#### [BRIEF]
From the entries below, write out exactly the lines between the line holding "Μετά τη βράβευσή" and the line holding "Именно по этому", inclusive, excluding any pictures.

#### [DATA FOR ANALYSIS]
++++++++++++++++++++

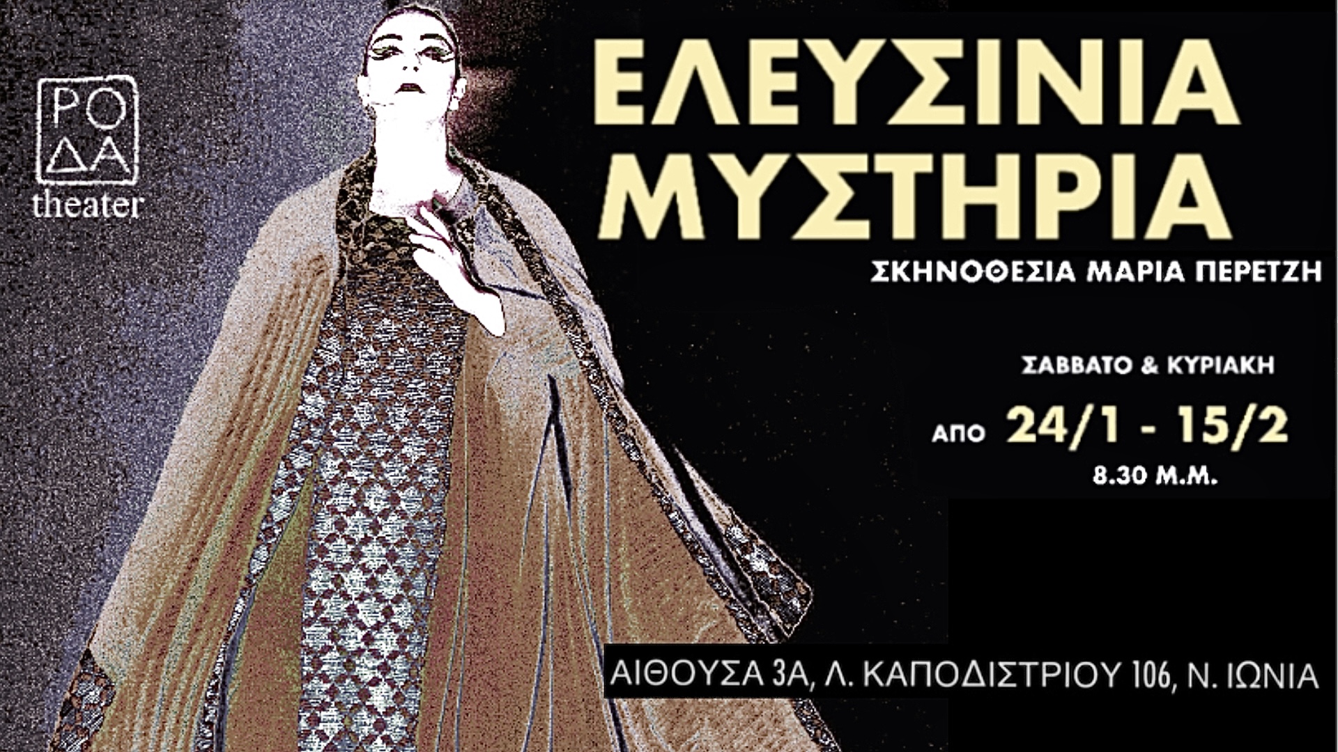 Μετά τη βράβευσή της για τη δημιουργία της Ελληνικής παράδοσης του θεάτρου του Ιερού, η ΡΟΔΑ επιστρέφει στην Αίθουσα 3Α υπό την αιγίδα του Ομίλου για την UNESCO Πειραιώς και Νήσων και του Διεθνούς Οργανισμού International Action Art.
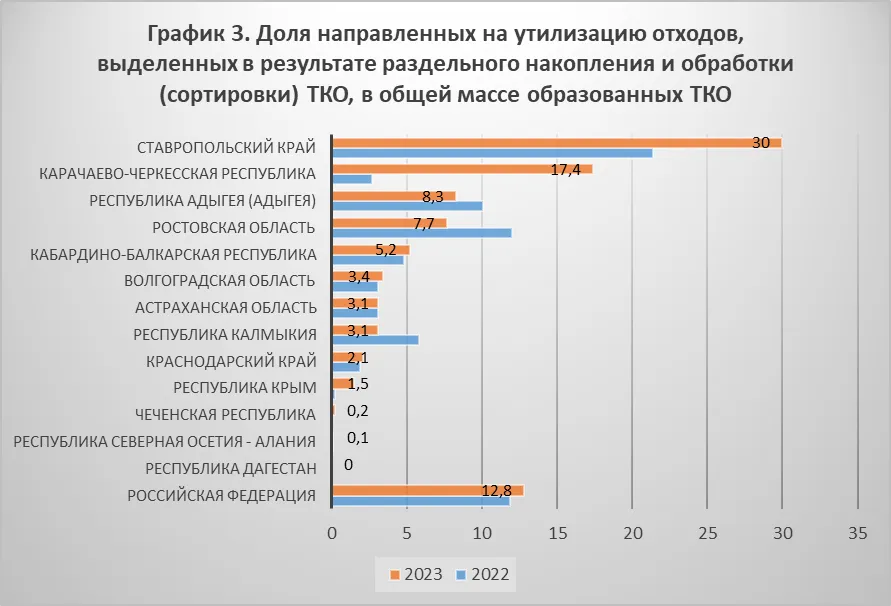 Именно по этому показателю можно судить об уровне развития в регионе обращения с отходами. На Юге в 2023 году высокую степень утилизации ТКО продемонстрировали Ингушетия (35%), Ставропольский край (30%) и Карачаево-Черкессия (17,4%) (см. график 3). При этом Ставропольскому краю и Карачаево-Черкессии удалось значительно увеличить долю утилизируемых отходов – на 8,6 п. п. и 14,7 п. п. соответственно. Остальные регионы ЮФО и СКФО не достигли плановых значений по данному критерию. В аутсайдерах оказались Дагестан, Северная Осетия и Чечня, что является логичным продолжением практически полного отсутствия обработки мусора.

++++++++++++++++++++

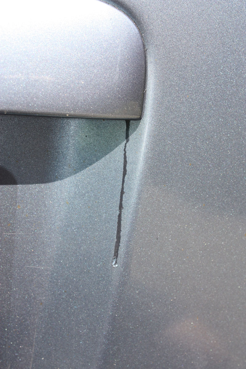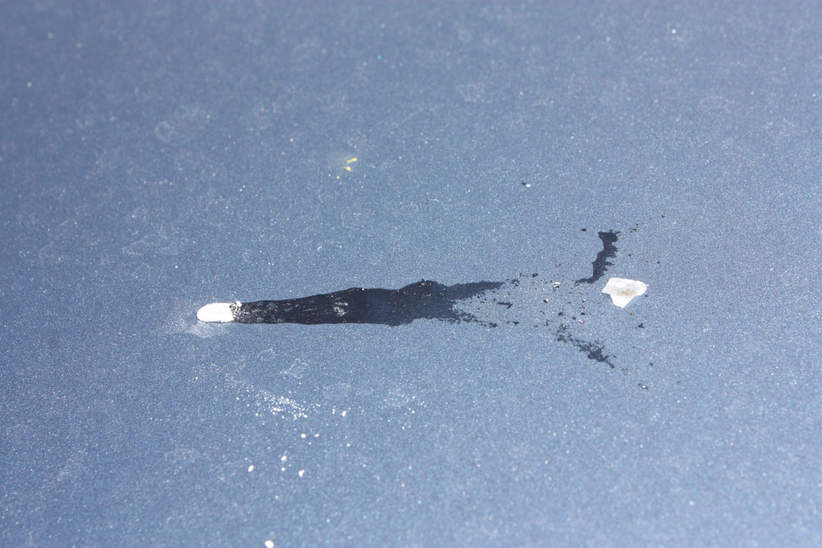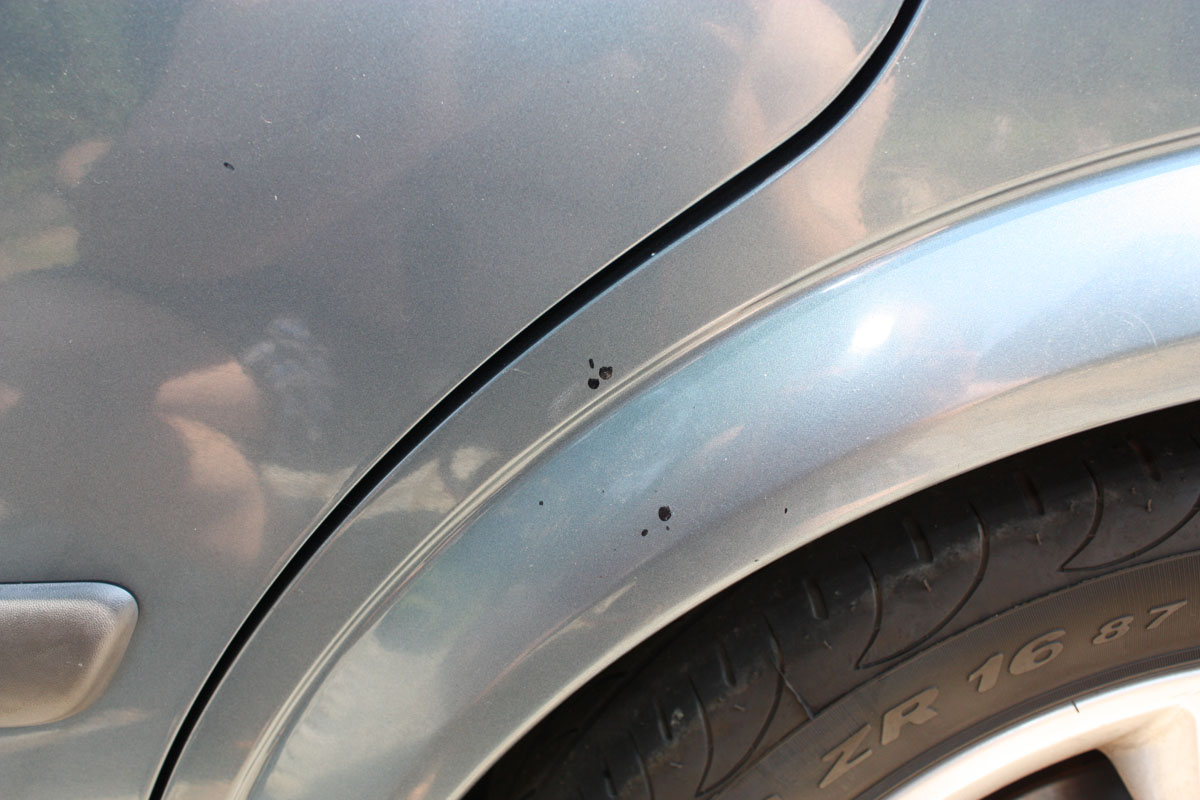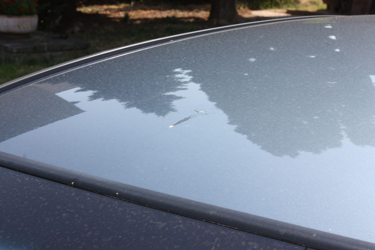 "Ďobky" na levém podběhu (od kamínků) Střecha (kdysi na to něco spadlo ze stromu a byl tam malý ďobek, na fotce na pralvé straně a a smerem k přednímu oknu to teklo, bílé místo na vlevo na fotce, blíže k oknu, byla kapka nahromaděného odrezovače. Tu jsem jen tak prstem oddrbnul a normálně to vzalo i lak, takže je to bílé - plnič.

++++++++++++++++++++

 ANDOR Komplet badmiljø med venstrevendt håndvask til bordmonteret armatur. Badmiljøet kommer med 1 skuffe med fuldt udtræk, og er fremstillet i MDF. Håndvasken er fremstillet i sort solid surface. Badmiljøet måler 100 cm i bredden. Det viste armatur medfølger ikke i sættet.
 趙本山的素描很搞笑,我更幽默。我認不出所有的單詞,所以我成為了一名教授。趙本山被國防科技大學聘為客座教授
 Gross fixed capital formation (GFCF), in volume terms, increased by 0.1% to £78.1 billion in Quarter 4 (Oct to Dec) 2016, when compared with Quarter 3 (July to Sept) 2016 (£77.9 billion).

++++++++++++++++++++

#### [ANSWER SPACE]
 Μετά τη βράβευσή της για τη δημιουργία της Ελληνικής παράδοσης του θεάτρου του Ιερού, η ΡΟΔΑ επιστρέφει στην Αίθουσα 3Α υπό την αιγίδα του Ομίλου για την UNESCO Πειραιώς και Νήσων και του Διεθνούς Οργανισμού International Action Art.
 Именно по этому показателю можно судить об уровне развития в регионе обращения с отходами. На Юге в 2023 году высокую степень утилизации ТКО продемонстрировали Ингушетия (35%), Ставропольский край (30%) и Карачаево-Черкессия (17,4%) (см. график 3). При этом Ставропольскому краю и Карачаево-Черкессии удалось значительно увеличить долю утилизируемых отходов – на 8,6 п. п. и 14,7 п. п. соответственно. Остальные регионы ЮФО и СКФО не достигли плановых значений по данному критерию. В аутсайдерах оказались Дагестан, Северная Осетия и Чечня, что является логичным продолжением практически полного отсутствия обработки мусора.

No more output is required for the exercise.